= Jiangyou bullying incident and protests =

2025 incident and protests in China

In the summer of 2025, a female student was beaten by her schoolmates off campus in the city of Jiangyou in Sichuan, China. A video clip of the bullying circulated online and drew nationwide attention. The perpetrators were eventually punished. The authorities' handling of the case however was perceived as being too lenient, leading to protests that were subsequently suppressed and information about them censored. The incident sparked discussion in China about underage offenders.

== Background ==
In recent years, China has seen several high-profile cases involving bullying and crimes committed by minors. One in 2023 and another one in January 2025 led to protests.

== Bullying incident ==
On July 22, 2025, a 14-year-old female student was bullied by three of her female schoolmates in a vacant building off-campus, receiving slaps, kicks, and hits with an object. Her mobile phone and items of clothing were also removed during the prolonged confrontation. The bullies dismissed her warning that her father would report the matter to the police and flouted having been to the local station previously without suffering any long-term consequence. After seeking medical attention for their daughter, the victim's parents, who have disabilities, reported the incident to the police later that night, and two of the perpetrators were summoned by police around midnight. On August 2, a video recording of the incident began circulating online. The next day, following procedures to assess injuries one to two weeks after the initial trauma, a physician re-evaluated the victim, ruling out occult fracture and concluding that the bruises to her scalp and knees were "minor". From July 24 to August 3, the police summoned and began investigating all individuals involved.

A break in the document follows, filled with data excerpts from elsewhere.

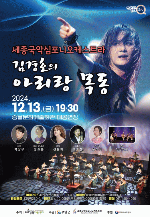 공연에서는 MBN 조선판스타 우승자 ‘정초롱’이 사회를 맡고, 섬세한 곡 해석과 유려한 테크닉으로 주목받고 있는 지휘자 ‘박상우’와 창단 32년을 자랑하는 세종국악심포니오케스트라(총감독 김혜성)의 연주가 펼쳐진다.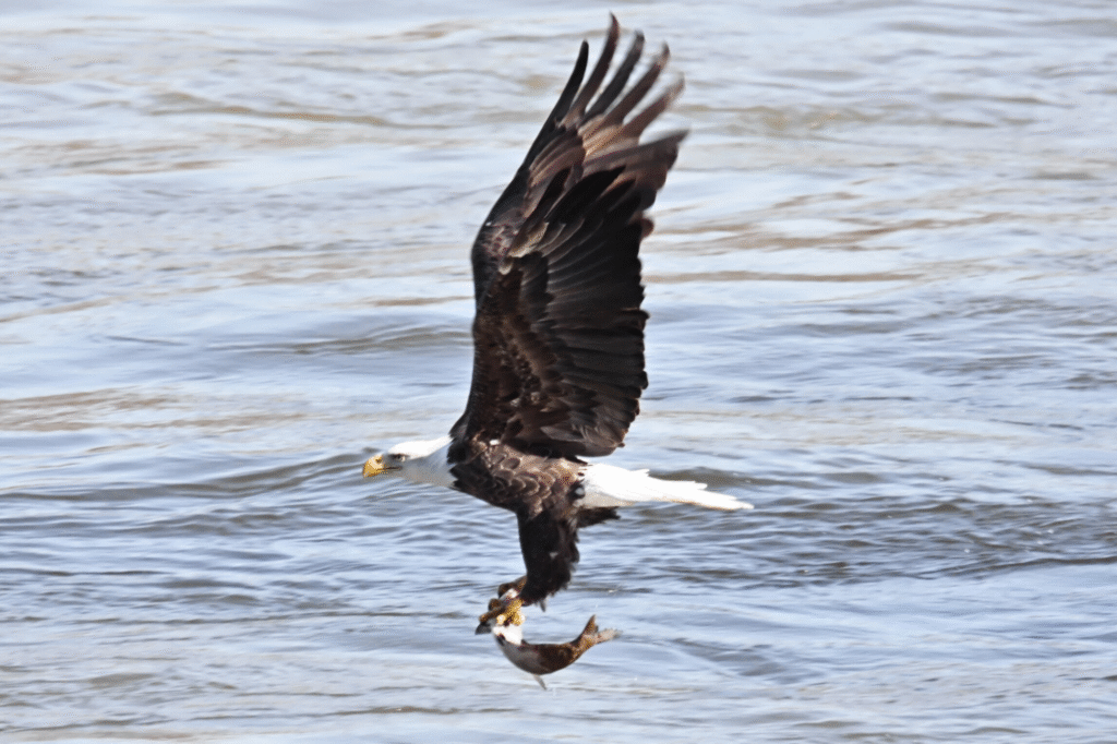 It doesn’t happen often, but when a bald eagle catches a fish too heavy to fly away with, it will sometimes swim to shore using a breaststroke motion with its wings. It looks awkward, desperate, and deeply uncoordinated, but it works. For a raptor, it’s an embarrassing but practical move. The worst part is how long they’ll commit to the bit. They’ll drag the catch across the water for minutes if that’s what it takes.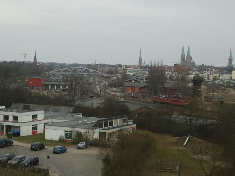 What you can see on the image, is a small part of Lübeck´s skyline. There is one old freight depot on the right side of the bridge and I took a photo some time ago. You can´t see it but in the direction behind the bridge is the train station of Lübeck. On the photo are also some of the seven bigger church towers of Lübeck, which are part of the townscape and seen on some lubeckian company Logos for example. Schwartauer Werke is for example one of those company’s. They have the seven church towers of Lübeck in their logo and they do create jelly and I think they are also international known. At least in some european country’s I heard.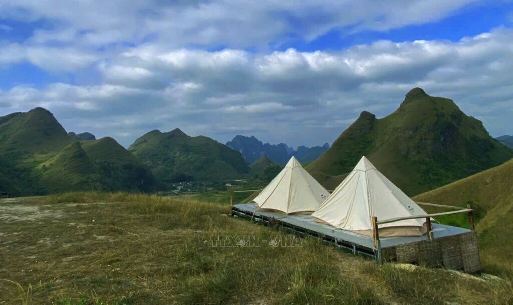 Ba Quang grass hills in Vinh Quy commune, Ha Lang district, the northern province of Cao Bang attracted many nature-loving tourists to enjoy the wild beauty of the place. In spring and summer, the grass hills are green and they turn a burnt yellow in winter. The beautiful natural scenery and fresh air have attracted many visitors to the locality. Photo: Quoc Dat – VNA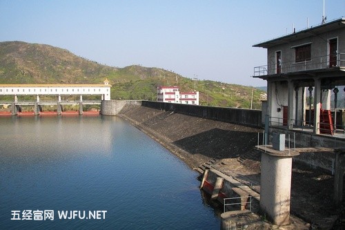 离上坝十余里的龙颈口,两岸高山狭峙,左边彩塔山,有梯田痕迹,望之如塔,下坝即建于此,坝高四十三公尺,有水从一侧山洞轰然奔出。坝外大楼为发电站,装机三台,共九千千瓦。电站周围,电竿如林,电线如网,蔚为奇观。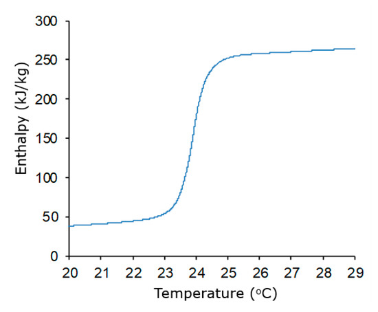 The enthalpy–temperature (H–T) curve is a major characteristic feature of PCMs that helps determine the heat storage capacity. Figure 5 illustrates the H–T curve of PT24 at various temperature conditions with the major phase change occurring between 23 and 24 °C.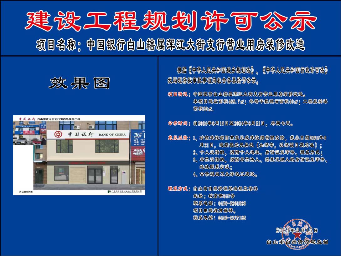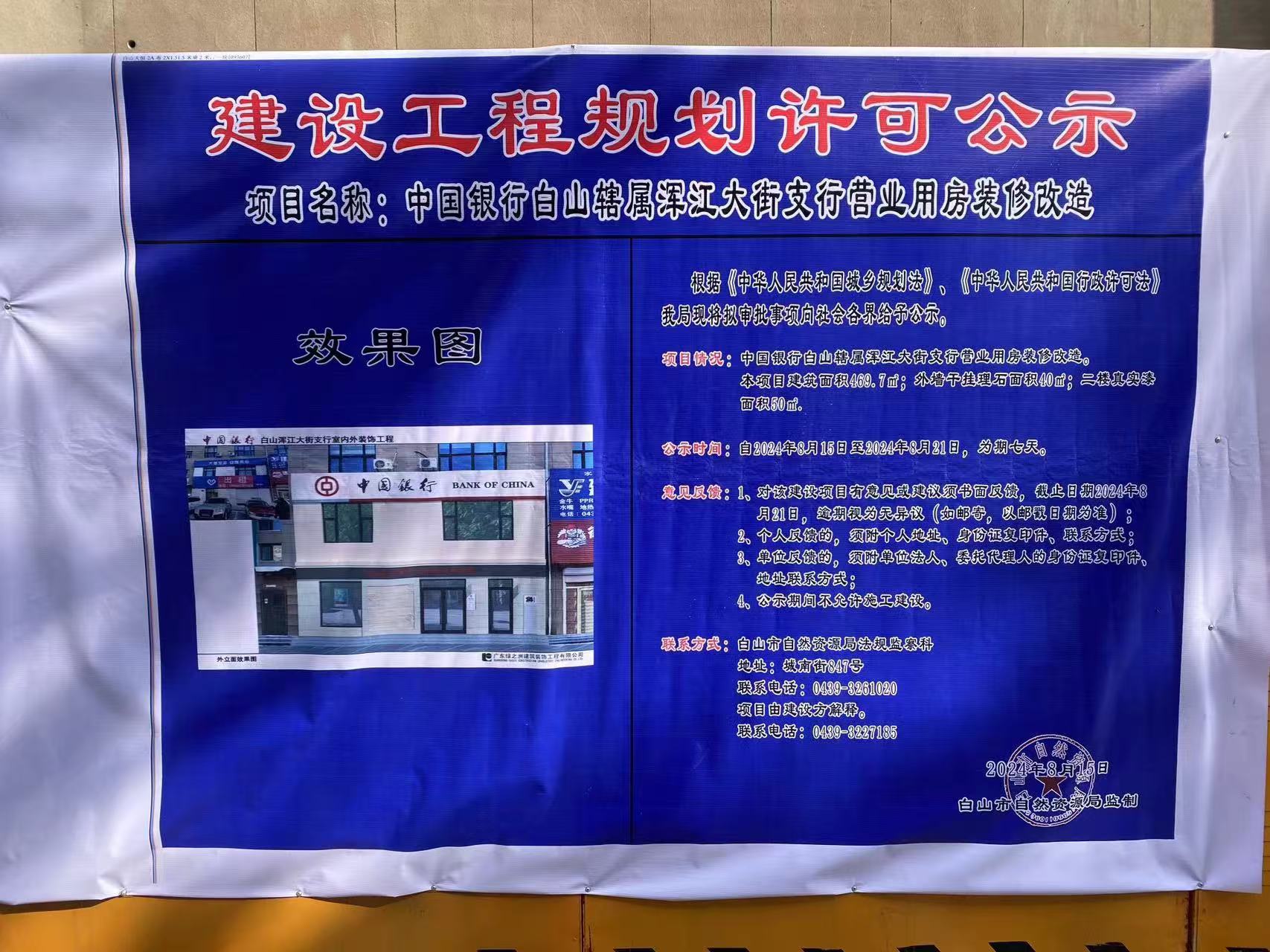 《中国银行白山辖属浑江大街支行营业用房装修改造》公示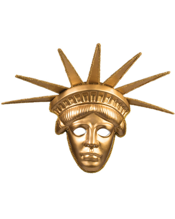 Represent the United States with one of its most iconic landmarks with this Statue Of Liberty Gold Mask. The mask features a golden Statue of Liberty face wearing her iconic seven-pointed crown and features a sparkling gold trim around the edges. The mask has eye holes for visibility, and nose holes for breathing and covers the front of the face and is held in place around the back of the head with an elastic strap for ease of wear. Perfect for 4th of July parties, international-themed parties and more to complete your Statue of Liberty costume.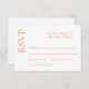 Cette carte de réponse mariage simple et de bon goût, parfaite pour un thème mariage agrumes, présente une esthétique moderne et un design élégant et minimal. Un choix de police classique présente un sens général de simplicité et de sophistication avec du texte orange d'agrumes sur un arrière - plan blanc propre. Des produits correspondants sont disponibles pour rendre la planification de votre mariage une brise. Personnalisez cette carte avec la date de réponse requise.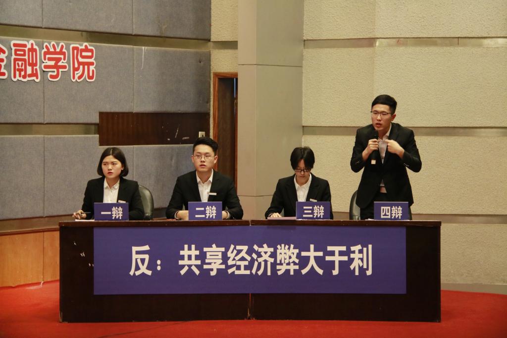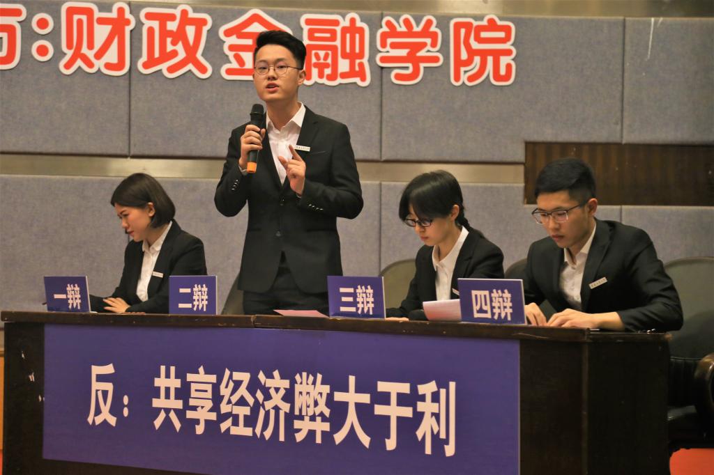 进入决赛的是财政tyc41183太阳成集团辩论队与环境与资源公司辩论队。双方就“共享经济利大于弊/弊大于利”展开辩论。比赛伊始,作为正方的环境与资源公司开宗明义,通过分析市场现状和共享经济发展趋势阐明了“共享经济利大于弊”的观点。我方辩手则提出了共享经济会提高社会成本,占用社会资源的观点,并从另外一个角度剖析共享经济的蓬勃发展容易导致恶性竞争从而破坏市场规则,影响经济的正常运行,进而论证了“共享经济弊大于利”的论点。在随后的自由辩论与总结陈词环节,双方辩手你来我往、旁征博引,以沉稳冷静、妙语连珠的表现获得了在场观众与评委的阵阵掌声。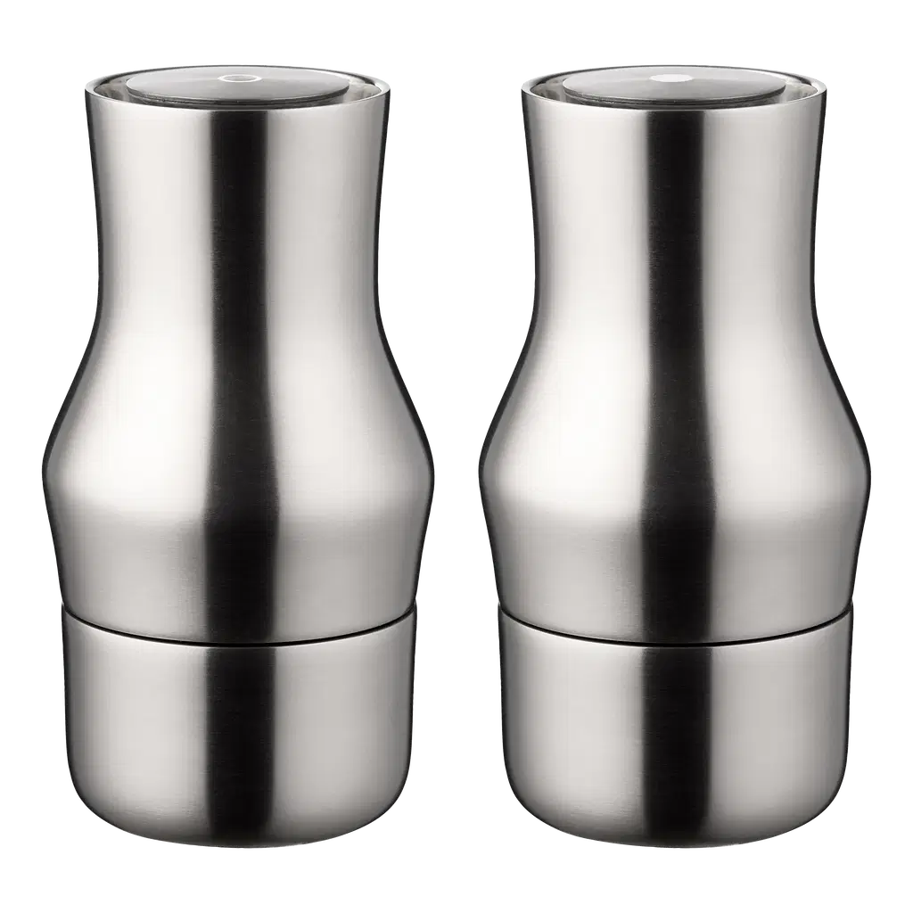 Den smukke, minimalistiske kværn med satinfinish i mat rustfrit stål bidrager til en elegant sammenhæng i borddækningen. Den keramiske CrushGrind® mekanisme er placeret i kværnens top, og på den måde sikrer det gennemtænkte design, at der ikke drysser krydderier på bordet, når kværnen sættes ned. Placeringen af kværnemekanismen giver flere fordele: tyngdekraften fører naturligt krydderierne ind i kværnen og giver en mere ensartet formaling. Samtidig ligger kværnen godt i hånden, så du har et behageligt greb og bedre kontrol. Med fire indstillinger fra fin til grov er det også nemt at justere krydringen efter forskellige præferencer. Den keramiske kværnmekanisme klarer både salt, peber og tørrede krydderier og sørger for, at smagene virkelig kommer til deres ret. Designet er inspireret af naturen omkring den lille landsby Dorotea. Her har isen skabt et landskab af bjerge, dale og store, åbne områder, der tilsammen danner bløde, flydende former, som endeløst erstatter hinanden. Denne overgang overses ofte, men ikke desto mindre ligger den eventyrlige og overraskende del af designet netop her. Med sine minimalistiske og organiske former kombinerer Dorotea-kollektionen tradition og håndværk med design på internationalt plan. Dorotea-kværnene er produceret af genanvendt rustfrit stål. Det betyder, at det rustfrie stål populært sagt har levet et tidligere liv. Rustfrit stål kan nemlig ud over at være enormt holdbart smeltes om og omdannes til nye produkter uden at miste sine egenskaber og kvaliteter. Rustfrit stål kan genanvendes i det uendelige og er således et materiale, der bliver ved med at give. Design: Monica Förster Dorotea modtog den internationale designpris German Design Award i 2025 i kategorien Excellent Product Design.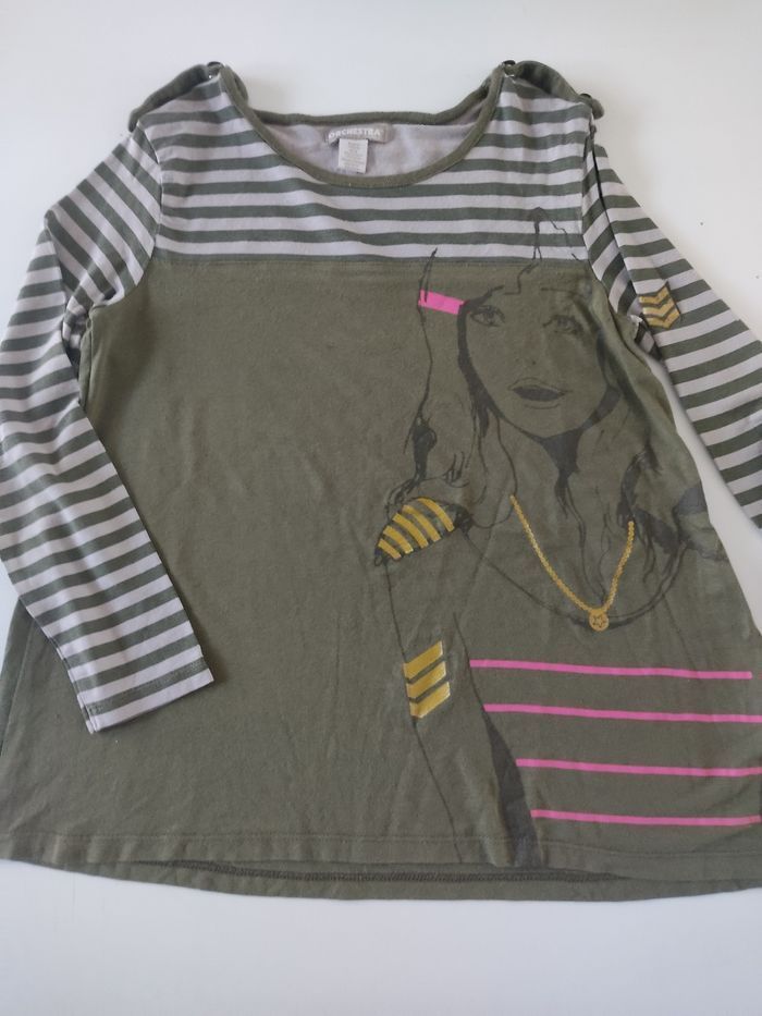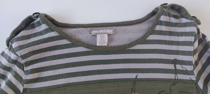Tunique kaki limite militaire au vu du motif Rayures kaki et grises sur le haut et les manches Taille notée : 8ans/128cm Marque : orchestra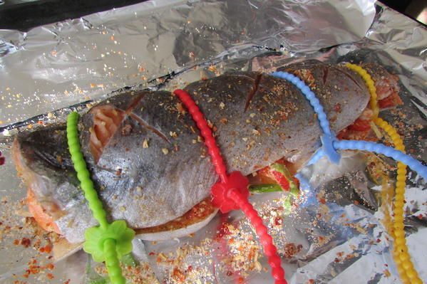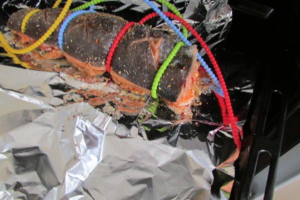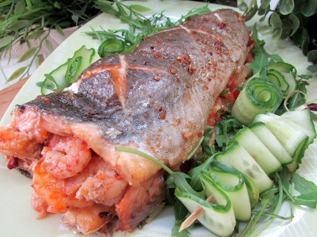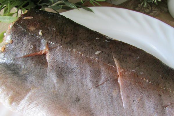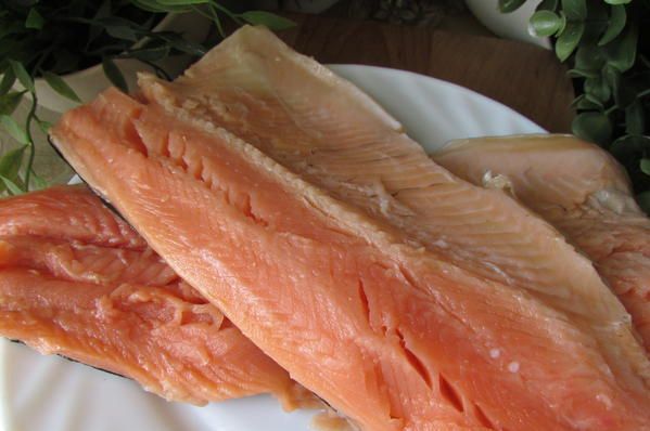 Лосося очистите, выпотрошите и тщательно промойте. Сделайте глубокий надрез вдоль хребта, немного раздвиньте мякоть и, делая небольшие подрезы вдоль рёбер, разделите рыбу на 2 половины. Удалите хребет вместе с хвостом, а также плавники, рёберные кости и мелкие косточки.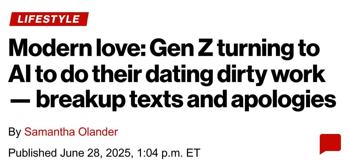 New York Post: почти половина зумеров используют ИИ, чтобы расстаться со своим партнером. Да и в целом чат-ботам доверяют написание описаний и начало знакомства.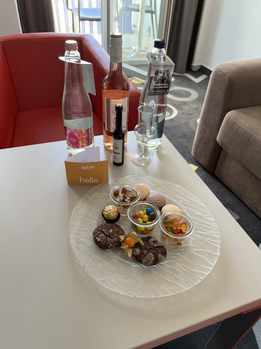 Snudd på nytt rekord i välkomstgåvor. Två flaskor vatten (i glasflaskor), en flaska rosé, en flaska lokal snapps och ett generöst fat med godis och kakor.

== August 4 announcement and protests ==

On August 4, the Jiangyou Municipal Public Security Bureau made its first public announcement regarding the case, but it was perceived to have downplayed the severity of the matter. The victim's parents and a crowd of supporters entered the municipal building demanding justice for the daughter. The parents kowtowed before an official, and members of the public expressed anger at the case's handling. More and more people gathered outside government buildings and on the streets late into the night. They sang the national anthem. Some of them yelled slogans such as "punish the perpetrators severely", "say no to bullying", "return democracy to us", and "Chinese Communist Party (CCP) step down!" Local and nearby police forces were deployed to control and disperse the protesters using pepper spray and tear gas. Demonstrators were seen being dragged away or struck with batons. According to one witness, at least eight individuals were arrested. Information about the protests has been censored in China after briefly trending on Weibo.

== Punishments ==
According to police statements on the afternoon of August 4, of the three bullies, the 15-year-old was detained for 13 days and fined 1,000 CNY. The 14-year-old was detained for 10 days and fined 800 CNY. The third perpetrator, being under the age of 14, had her legal guardians reprimanded. According to reports, this was not the first time that the group had bullied their victim. Jiangyou police said that one of them had been investigated by the station previously, on one occasion, and that the case was delayed because of the many individuals involved and the need for medical assessments.

== Social media rumors ==
A few social media posts alleged that the bullies' parents were police inspectors or lawyers. Later reports said two of the parents were unemployed, two were working outside the province, and the other two worked in retail or delivery.

Video clips began circulating on social media outside China claiming that the incident had escalated and millions were chanting for the CCP to step down. They were later found to have been spliced from New Year celebration clips with audio components edited in.

== Commentary ==
The incident came after several other high-profile cases of abuse or bullying involving students in recent years and prompted discussions in China regarding the prosecution of crimes committed by minors. A new 2025 law allows more underage individuals to be punished but would only go into effect in 2026.